È in Concorso a Cannes, dove Denis debuttò nel 1988 con l’esordio Chocolat: oggi, dopo una ventina di lungometraggi e documentari in carnet, la cineasta francese continua a disegnare de decrittare le geometrie variabili delle relazioni umane aderendo a due generi, thriller e romance, e trasportando ai giorni nostri il Nicaragua sandinista del 1984 fotografato da Johnson.

È il suo quindicesimo lungo di finzione, rinnova la sua erranza cinematografica, alimenta l’indagine antropologica ed esistenziale e corrobora l’osservazione e il viaggio, risalenti alla sua infanzia africana, che sono topoi stessi del suo corpus.

Girato a Panama, giacché col governo guidato dall'ex rivoluzionario sandanista Ortega dal 2007 il Nicaragua era inibito, Stars at Noon può anche affascinare, ma non è un film riuscito: il romance appare lezioso, il thriller fin troppo elusivo, sicché il nonsense tanto intellettuale quanto involontario, per giunta a rischio supercazzola, domina entrambi i versanti e il film tutto.

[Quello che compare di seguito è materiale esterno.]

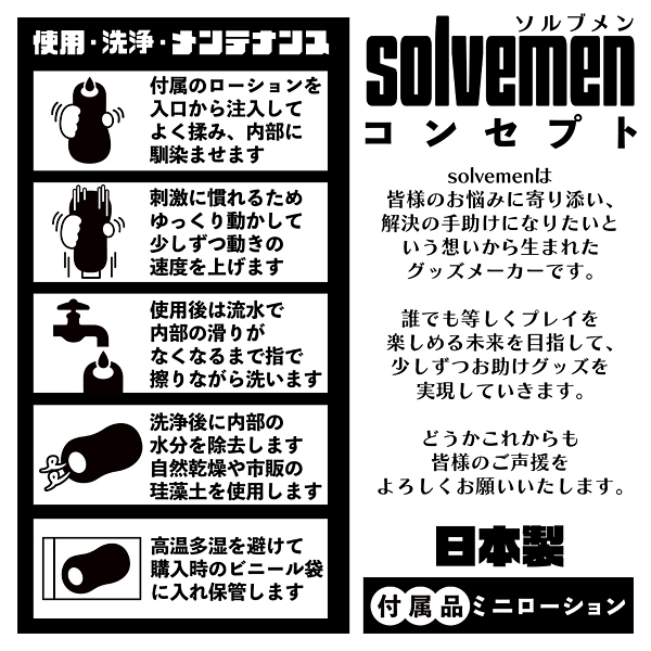 ソルブメンはあなたのお悩みを解決する存在です。皆様はこのような話をご存知でしょうか?「オナホは同じ構造でも素材が変わると使用感が違う」はい大正解です。それは真理です。でも世の中は同じ構造かつ別素材のオナホを必ずしも発売してくれません。それでは素材の違いによる使用感の変化を楽しむ事ができません。そんな時こそsolvemenにお任せください!全く同じ構造ながら二層構造の内部素材を変えたものがコチラ。「高刺激こすられ二層」と「低刺激ねっとり二層」になります。見た目は同じなのにアラ不思議。高刺激と低刺激を楽しめます。まるで魔法のようにあなたの快感を惑わせる事でしょう。素材だけではございません。「絶頂刺激連続ヒダ突起構造」と名付けた特殊な内部構造をご覧ください。どの素材でも一定の感度を担保する安定感の高い内部構造となっております。あなたはオナホ選びに悩む必要はなくなります。あなたのためにソルブメンがいるのです。安心安全の日本製で繰り返し何度でも利用が可能です。●高刺激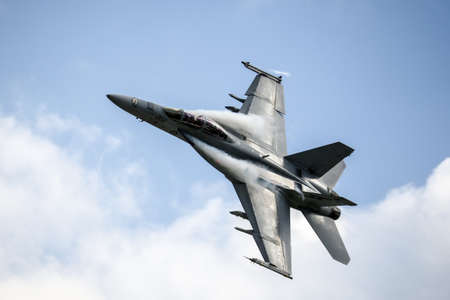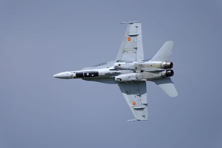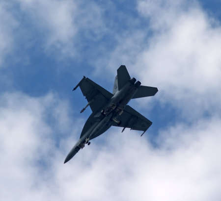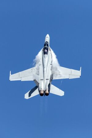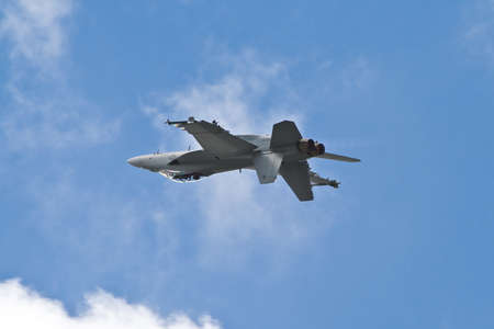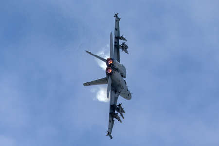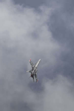 Farnborough, England, UK - July 24, 2010: US Navy Boeing F/A-18 Hornet inverted during Farnborough 2010 Airshow.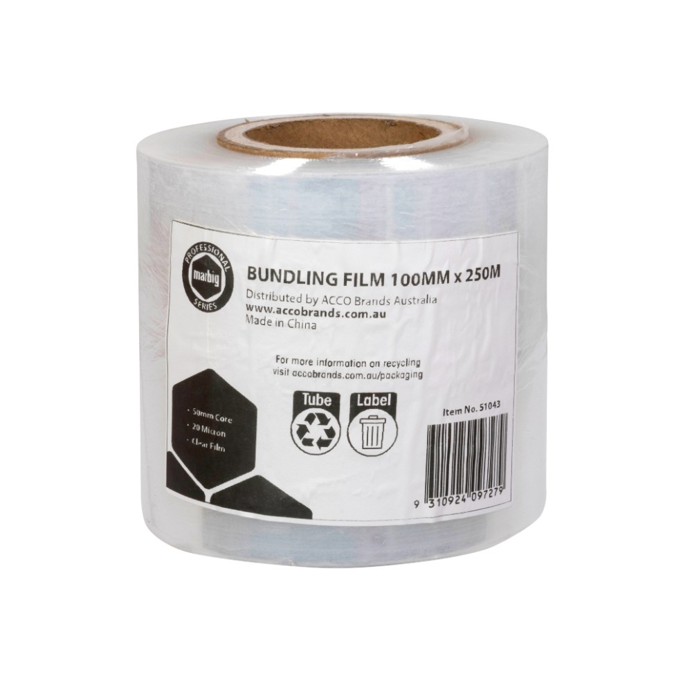 Marbig Professional Bundling Film Blown 100mm x 250m 2-Inch Core Clear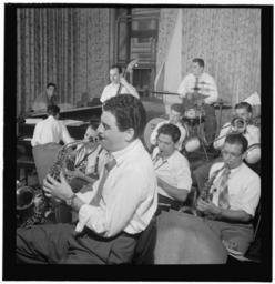 | Keywords: (Portrait of Serge Chaloff, Georgie Auld, Red Rodney, and Tiny Kahn, New York, N.Y., ca. Aug. 1947) (LOC) (4888058633).jpg Gottlieb William P 1917- photographer Portrait of Serge Chaloff Georgie Auld Red Rodney and Tiny Kahn New York N Y ca Aug 1947 1 negative b w ; 2 1/4 x 2 1/4 in Caption from Down Beat Auld and his band interrupt their rehearsing to pose for Bill Gottlieb's camera They are now playing at the Troubadour which is the new name for much-named Dixon's Notes Gottlieb Collection Assignment No 015 Reference print available in Music Division Library of Congress Purchase William P Gottlieb Forms part of William P Gottlieb Collection Library of Congress In Ballads planned to subdue be-bop in Auld's band Down Beat v 14 no 18 Aug 27 1947 p 15 Subjects Chaloff Serge 1923-1957 Auld Georgie 1919- Rodney Red Kahn Tiny Jazz musicians--1940-1950 Saxophonists--1940-1950 Double bassists--1940-1950 Drummers Musicians --1940-1950 Trombonists--1940-1950 Format Portrait photographs--1940-1950 Group portraits--1940-1950 Film negatives--1940-1950 Rights Info Mr Gottlieb has dedicated these works to the public domain but rights of privacy and publicity may apply http //lcweb2 loc gov/diglib/ihas/html/gottlieb/gottlieb-copyright html lcweb2 loc gov/diglib/ihas/html/gottlieb/gottlieb-copyrig Repository negative Library of Congress Prints Photographs Division Washington D C 20540 USA http //hdl loc gov/loc pnp/pp print hdl loc gov/loc pnp/pp print reference print Library of Congress Music Division Washington D C 20540 USA http //loc gov/rr/perform/ loc gov/rr/perform/ Part Of William P Gottlieb Collection DLC 99-401005 General information about the Gottlieb Collection is available at http //lcweb2 loc gov/diglib/ihas/html/gottlieb/gottlieb-home html lcweb2 loc gov/diglib/ihas/html/gottlieb/gottlieb-home html Persistent URL http //hdl loc gov/loc music/gottlieb 00331 hdl loc gov/loc music/gottlieb 00331 Call Number LC-GLB23- 0033<br/> PD-Gottlieb https //www flickr com/photos/library_of_congress/4888058633/ Portrait of Serge Chaloff Georgie Auld Red Rodney and Tiny Kahn New York N Y ca Aug 1947 LOC https //www flickr com/people/8623220 N02 The Library of Congress http //www loc gov/rr/print/195_copr html noknown The Library of Congress Flickr Commons Flickr-no known copyright restrictions The Library of Congress https //flickr com/photos/8623220 N02/4888058633 2015-09-02 00 12 54 pd Photographs by William P Gottlieb |

Niente da dire, eccetto plauso, per gli attori, più di qualche battuta – “Che pelle bianca che hai, sembra di scopare con le nuvole o la nebbia” – a segno, ma troppe stasi, troppi tè nel deserto qui solo drammaturgico, troppe iterazioni e secche, troppo compiacimento, perché queste stelle a mezzogiorno non si pretende brillino, ma si vedano almeno.

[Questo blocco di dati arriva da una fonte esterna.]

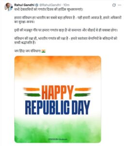 - राहुल गांधी ने गणतंत्र दिवस पर देशवासियों को शुभकामनाएं दीं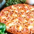 Elaborada con extra queso, jamón y piña. 30 cm con 8 rebanadas ideal para 2 personas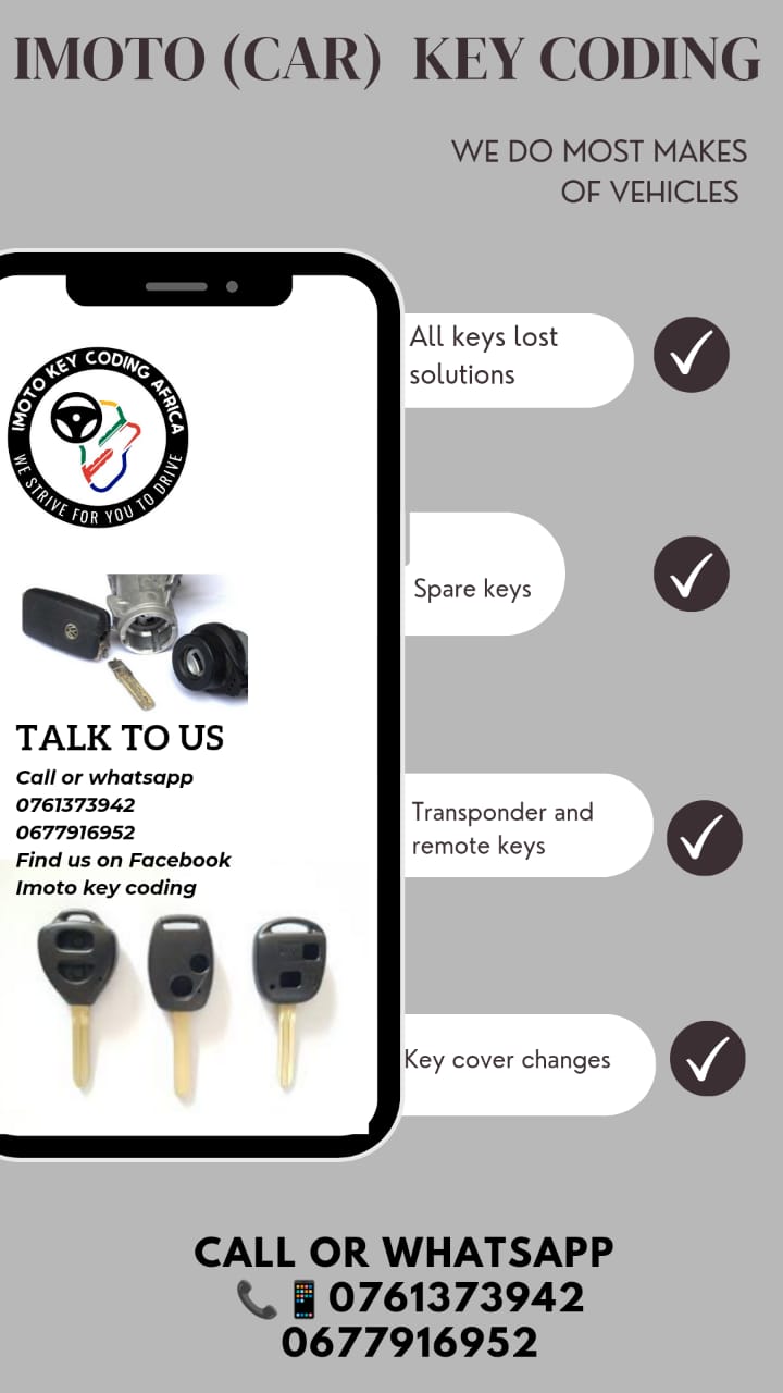We do car keys for most makes of vehicles all keys lost solutions, spare keys, transponder and remote key coding contact us now on WhatsApp or call us for more info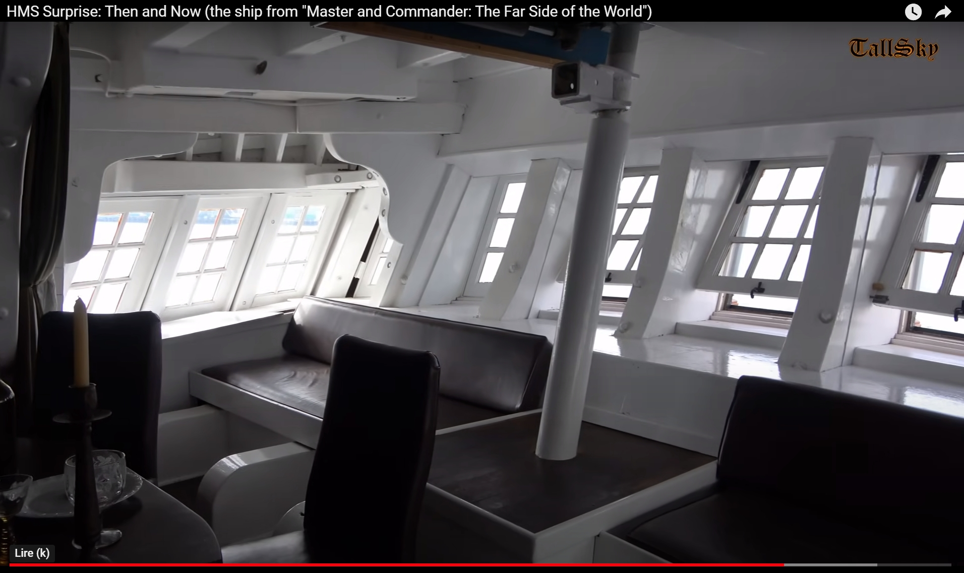 Pour Ned, mon troisième perso, je vais faire un clin d'œil à Stephen Maturin, l'inséparable compagnon scientifique de Jack Aubrey ( romans de Patrick O'Brian et dans le film Master and commander). Donc j'ai en tête le look général. Par contre, si je suis quand même un peu le brief, je le ferai tout jeunot. Passons à l'environnement. Il me faut une cabine de poupe. Je voulais quelque chose de confiné. Quand on est des aventuriers, on est pragmatique, on utilise des moyens de transport rapides, pas trop gros pour être discrets, et quand même suffisamment armés pour se défendre = frégate fin 18ème siècle. Modèle choisi = le HMS Rose qui aujourd'hui a été transformé en HMS Surprise pour la nécessité du film Master and Commander. Voici une photo -

Che cosa salviamo? Qualley, e non male abbiamo detto nemmeno gli altri interpreti, i sublimi Tinderstick: la band britannica e segnatamente il frontman Stuart A. Staples hanno già firmato, tra gli altri, White Material, High Life, Bastards & Let the Sunshine. Nonché qualche sequenza straniante, nichilista, ambiguissima come il (soprav)vivere oggi, potenziato con spy e dépense.

Ma tutti non fanno un salvagente, anzi, un salvafilm: peccato, le stelle stingono in sceneggiatura, il mezzogiorno è digiuno.